Ok I think I see now thanks.
EDIT: I now get the meaning of the image of post #38, the word potential is overloaded here...

 

[Charles Link]

I think in the equation $E=-\nabla V-\frac{\partial{A}}{\partial{t}}$, the $-\nabla V=E_s$ is the electrostatic component that I previously mentioned, (posts 25 and 33), and $E_{induced}=-\frac{\partial{A}}{\partial{t}}$.
To apply it to the case of the voltage that we measure from an inductor or secondary coil of a transformer=outside of the component the magnetic field is essentially/(ideally) zero, and we then measure $V$ when we attach a large resistor (voltmeter/oscilloscope) across the component.
It becomes a more difficult problem when the magnetic field is changing across the components of interest. See https://www.physicsforums.com/threa...op-with-a-triangle.926206/page-8#post-6154120 We(a bunch of us) finally were all in agreement on the solution=see posts 192 to 197.

 

[DaveE]

Well said. I can say that one of my best lifelong friends who is a very good analog EE had to be brought kicking and screaming to this truth. He is not an RF guy though.
And Lewin very clearly talks about colleagues who accused him of chicanery in his lecture (see 48:25 et seq) which I, too, found surprising. I believe something akin to "politically correct speech" may actually be important here.

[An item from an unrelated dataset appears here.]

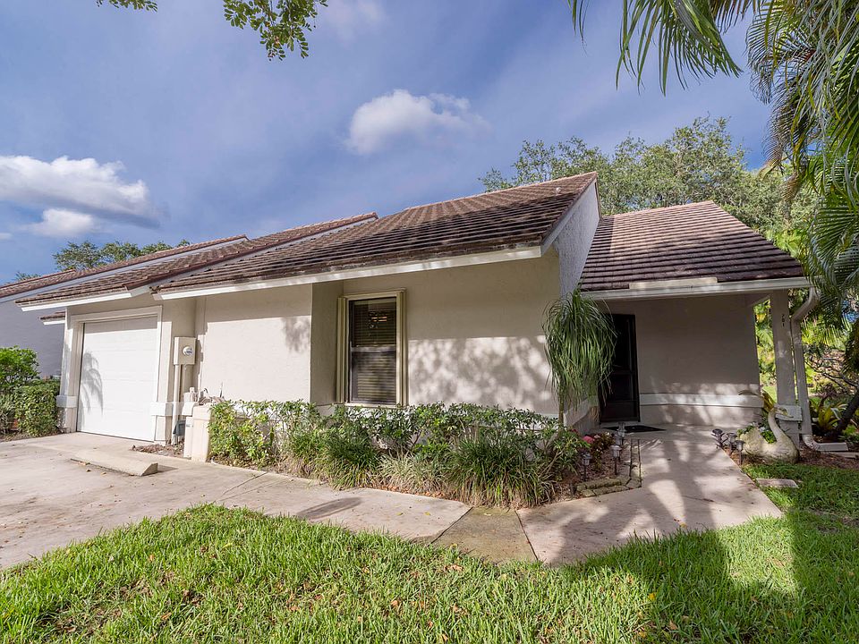Live the resort-style lifestyle in the highly sought-after community of Glengary Villas at PGA National! This 2BR/2BA single-story corner unit is bright and spacious with volume cathedral ceilings, greenhouse windows, and a desirable open floor plan that includes a den which can be converted into a home office/gym/bedroom/playroom! This home is move-in ready, with freshly painted walls and kitchen cabinets, and brand-new stainless-steel appliances. There's also a large screened-in patio with tons of greenery for privacy, plus a 1-car garage. Glengary Villas is a cozy village close to the heart of PGA National with 5 championship golf courses, an Olympic pool in a tropical setting with poolside dining, luxurious spa facilities with full amenities, fine restaurants, and much more! Club membership can be obtained but is not required. Great investment opportunity, no rental restrictions, great for short term rental opportunities, 1 pet accepted up to 50lbs.
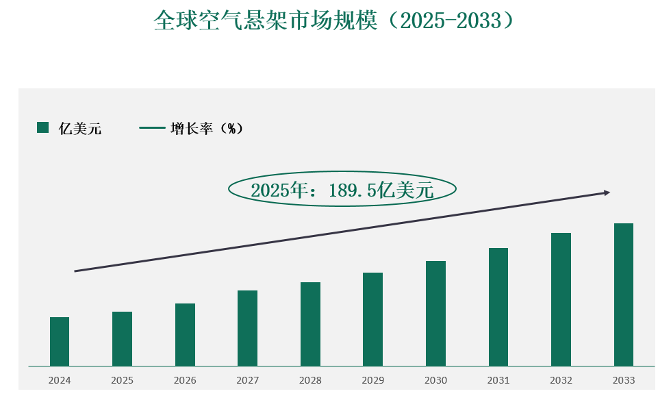 2025年全球空气悬架市场规模为189.5亿美元,预计2033年将增长到292.1亿美元。

I think the basis of much of this confusion is that EEs and physicists don't speak the same language when they start drawing schematics. Lewin drew "lumped element" resistors connected with "wires". Then explains how those wires have induced voltages.

This can be confusing to EEs who assume that schematics are highly abstract descriptions of what the creator wanted to communicate about salient features of the circuit. In the EE mode, wires are always superconductors with no induced voltage, i.e. a topological connection between things that they think are worth paying attention to. To most EEs, if you think induced voltages are significant, then you need to draw an inductor to tell people "pay attention to magnetic effects". In some sense a schematic, to us, is a way of communicating all of the stuff that you need to pay attention AS WELL AS all of the complex stuff you are allowed to ignore (we tend to call these parasitic effects). My complaint with Lewin in these videos is that he was using mixed metaphors, if you will. If he had drawn this as a wire loop (perhaps with regions of different resistivity), and left out the "resistors", I think many EEs would "shift gears" and understand this is an EM problem, where Maxwell is more useful than Kirchhoff.

In defense of physicists, this abstract approach can often lead to oversimplification of real world behavior, and faulty assumptions about how the real world works. It is often the case that schematics can't really describe the true behavior of some analog/RF circuits. Problems also arise because in industry, schematics serve multiple roles: functional description for other engineers, data input to CAD SW, navigation data for people working with HW, data input to ERP/MIS systems (purchasing, etc.). IMO, there has never been a perfectly drawn schematic, ever; it's impossible.

 

[vanhees71]

I would like to express my views on the issue of non-conservative electric fields and potential differences.

Although the induced electric field is non-conservative, but for the fixed path and direction in the electric field, such as R1 and R2 shown in the figure below, there can indeed be a potential difference, because their voltage will respectively vary with their resistance, and they consume energy. But, of course, the placement and direction of the two voltmeters and their leads may affect the measured value.

View attachment 272957

Consider again the transformer shown in the figure, the secondary output voltage is also produced by the non-conservative electric field induced by changing magnetic field, therefore, its corresponding line integral of the electric field should only be along the path of the secondary coiled wire. If the line integral follows other paths, of course there may be different results.

In addition, We can see that the placement and direction of the secondary external output circuit loop has no (or extremely little) impact on the output voltage. The reason is obvious, because for the same magnetic flux , it only has one turn, but the number of turns inside the transformer is usually much larger than one turn.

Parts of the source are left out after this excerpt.